I’ve never been a huge sloppy joe fan but wanted to try it out with the family. It went over very well and even though my daughter didn’t try the sloppy Joe sandwich, she loved the baked fries and fruit that I put on the table.
Another thing I liked about this one was it was even better the next day. I love leftovers.
I got this recipe of The 6 O’Clock Scramble Newsletter. I like how they list out vegetarian options, suggested sides and nutrition information. I’m always at a loss for sides so this helps immensely.

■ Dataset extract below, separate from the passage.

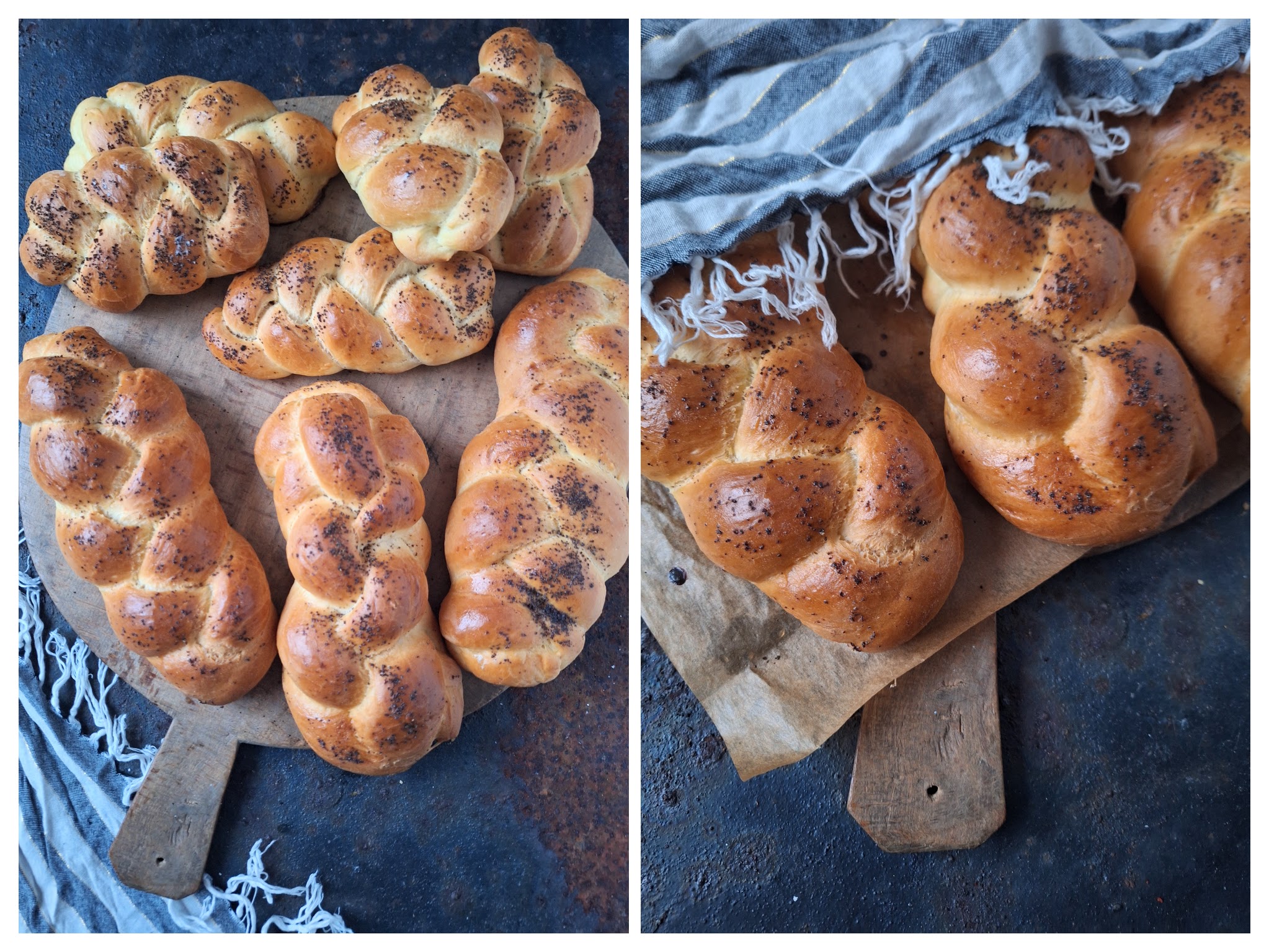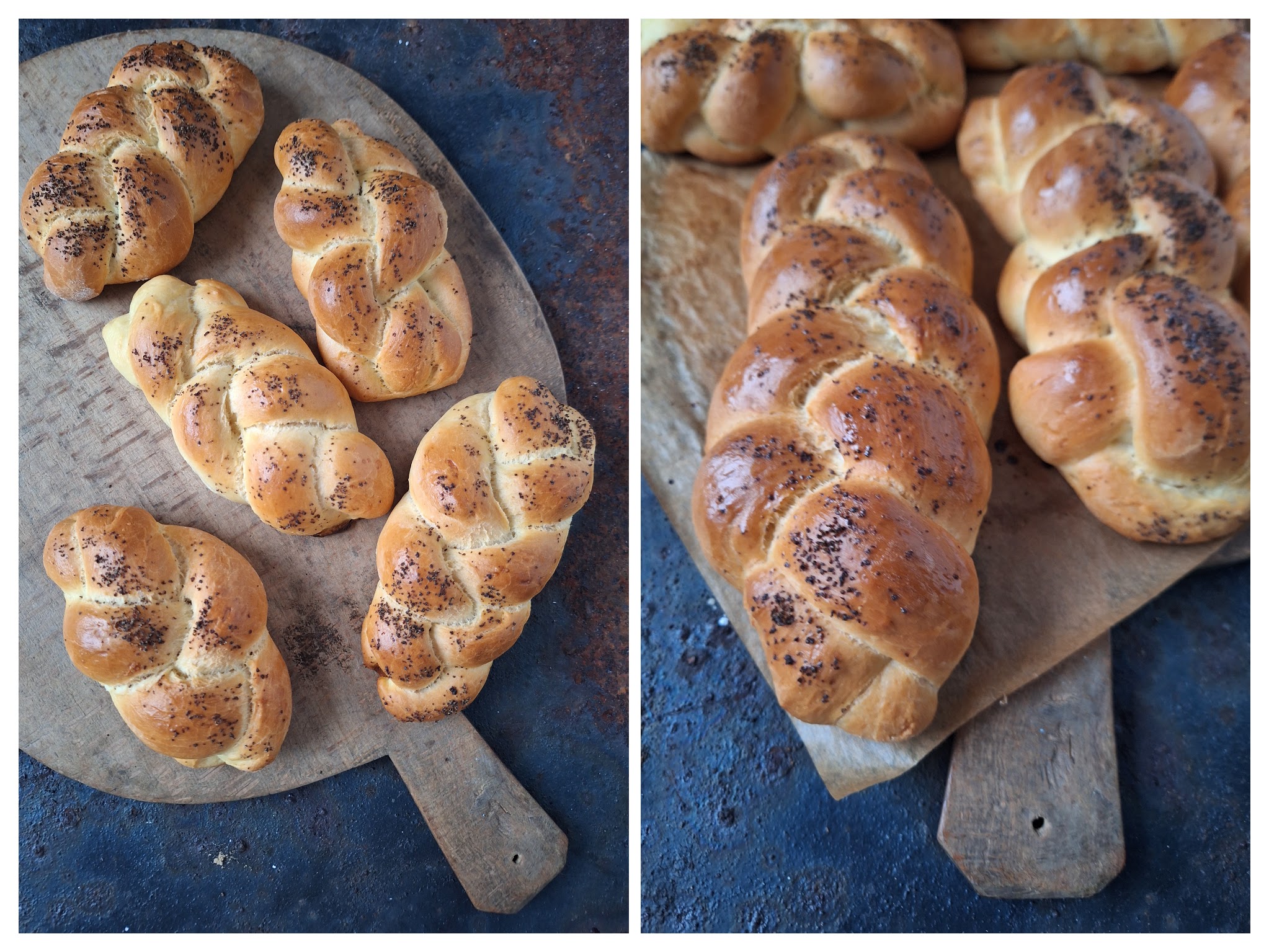 Alle Chałki mit einem Tuch abdecken und nochmals 30 Minuten gehen lassen. Den Backofen auf 180 Grad Ober- und Unterhitze vorheizen. Das Eigelb mit der Milch verquirlen, die Zöpfe damit bestreichen und mit Mohn bestreuen. Bei 180 Grad ca. 15 bis 20 Minuten goldbraun backen.

Anyone enjoy sloppy joes growing up?
- 1 lb. ground turkey, beef or vegetarian ground meat, or 28 – 30 oz. pinto beans, drained and rinsed
- ½ yellow onion, finely diced
- 1 red or yellow bell pepper, finely diced
- 1 large carrot, finely diced
- 15 oz. tomato sauce
- 1 Tbsp. brown sugar
- 2 Tbsp. Worcestershire sauce
- 2 Tbsp. ketchup
- 8 whole wheat buns, (or use taco shells)
- In a large skillet over medium heat, brown the meat in its own juices until it is almost cooked through. (If you are using vegetarian ground “meat” or the beans, add them after the tomato sauce instead). (Meanwhile, start the potato chips, if you are serving them.)
- Drain off the excess liquid, if necessary, and add the diced vegetables to the skillet (if you are making a meatless version, heat 1 Tbsp. olive oil in the skillet before adding the vegetables).
- Sauté the mixture for 2 minutes and add all the remaining ingredients, except the buns. Bring it to a boil, reduce the heat, cover the skillet, and simmer it for 15-20 minutes until the vegetables are tender. At this point you can refrigerate or freeze the mixture, or proceed to the next step.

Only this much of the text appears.